WHAT THE EXERCISE ASKS: Beginning with the line that holds "Os jogadores Luighi" and finishing with the line that holds "Изучите поведение микросхемы", repeat the listing exactly, leaving every picture out.

GIVEN RECORDS:
■ ■ ■

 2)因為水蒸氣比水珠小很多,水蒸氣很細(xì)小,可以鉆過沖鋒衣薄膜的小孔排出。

■ ■ ■

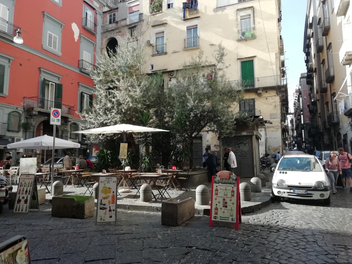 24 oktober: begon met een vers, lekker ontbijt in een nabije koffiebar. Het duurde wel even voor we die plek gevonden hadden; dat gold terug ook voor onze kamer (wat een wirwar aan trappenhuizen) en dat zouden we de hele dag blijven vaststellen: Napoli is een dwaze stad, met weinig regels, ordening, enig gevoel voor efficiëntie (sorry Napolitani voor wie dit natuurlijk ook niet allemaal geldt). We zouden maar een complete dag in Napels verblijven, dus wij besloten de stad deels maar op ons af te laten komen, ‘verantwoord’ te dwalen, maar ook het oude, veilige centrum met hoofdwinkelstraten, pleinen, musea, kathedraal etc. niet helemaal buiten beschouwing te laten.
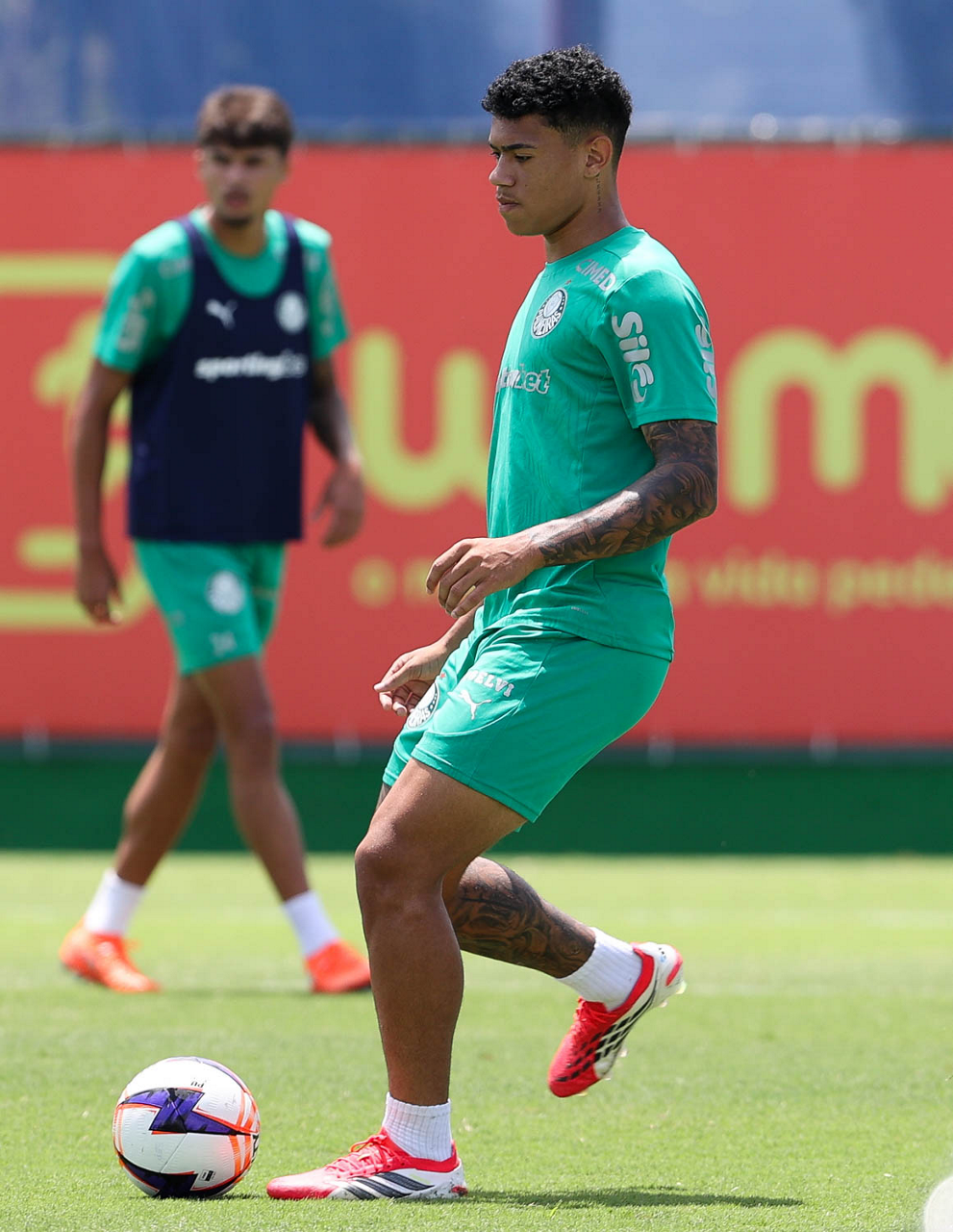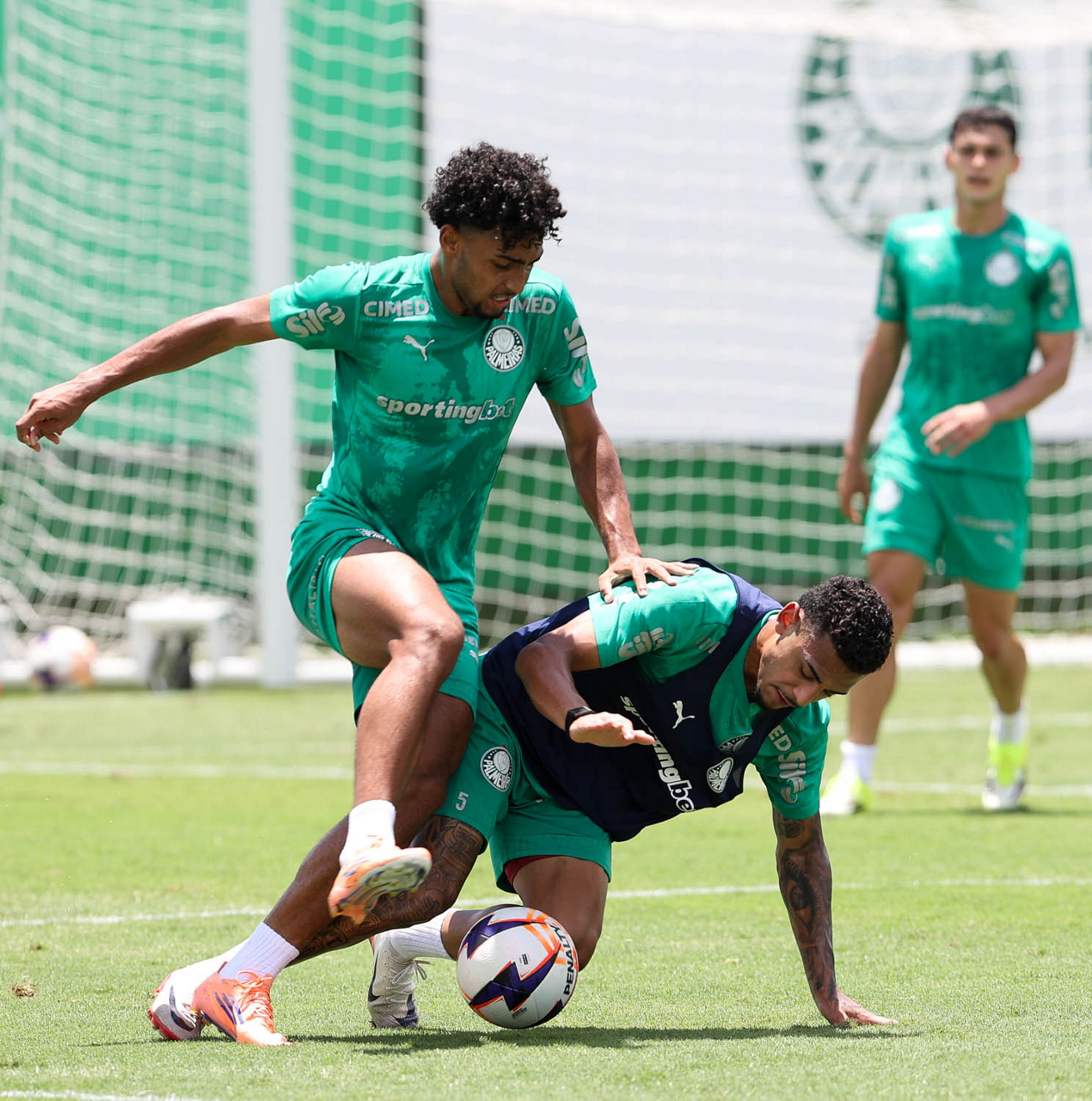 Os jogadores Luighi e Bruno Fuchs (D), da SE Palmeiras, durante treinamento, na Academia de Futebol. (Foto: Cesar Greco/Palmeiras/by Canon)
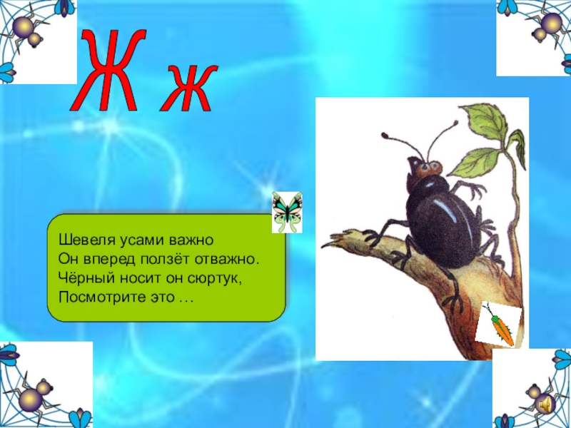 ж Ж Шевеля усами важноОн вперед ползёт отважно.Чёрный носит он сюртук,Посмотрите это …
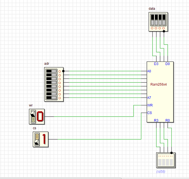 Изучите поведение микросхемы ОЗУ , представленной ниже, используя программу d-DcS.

■ ■ ■

REPLY TO THE EXERCISE:
 Os jogadores Luighi e Bruno Fuchs (D), da SE Palmeiras, durante treinamento, na Academia de Futebol. (Foto: Cesar Greco/Palmeiras/by Canon)
 ж Ж Шевеля усами важноОн вперед ползёт отважно.Чёрный носит он сюртук,Посмотрите это …
 Изучите поведение микросхемы ОЗУ , представленной ниже, используя программу d-DcS.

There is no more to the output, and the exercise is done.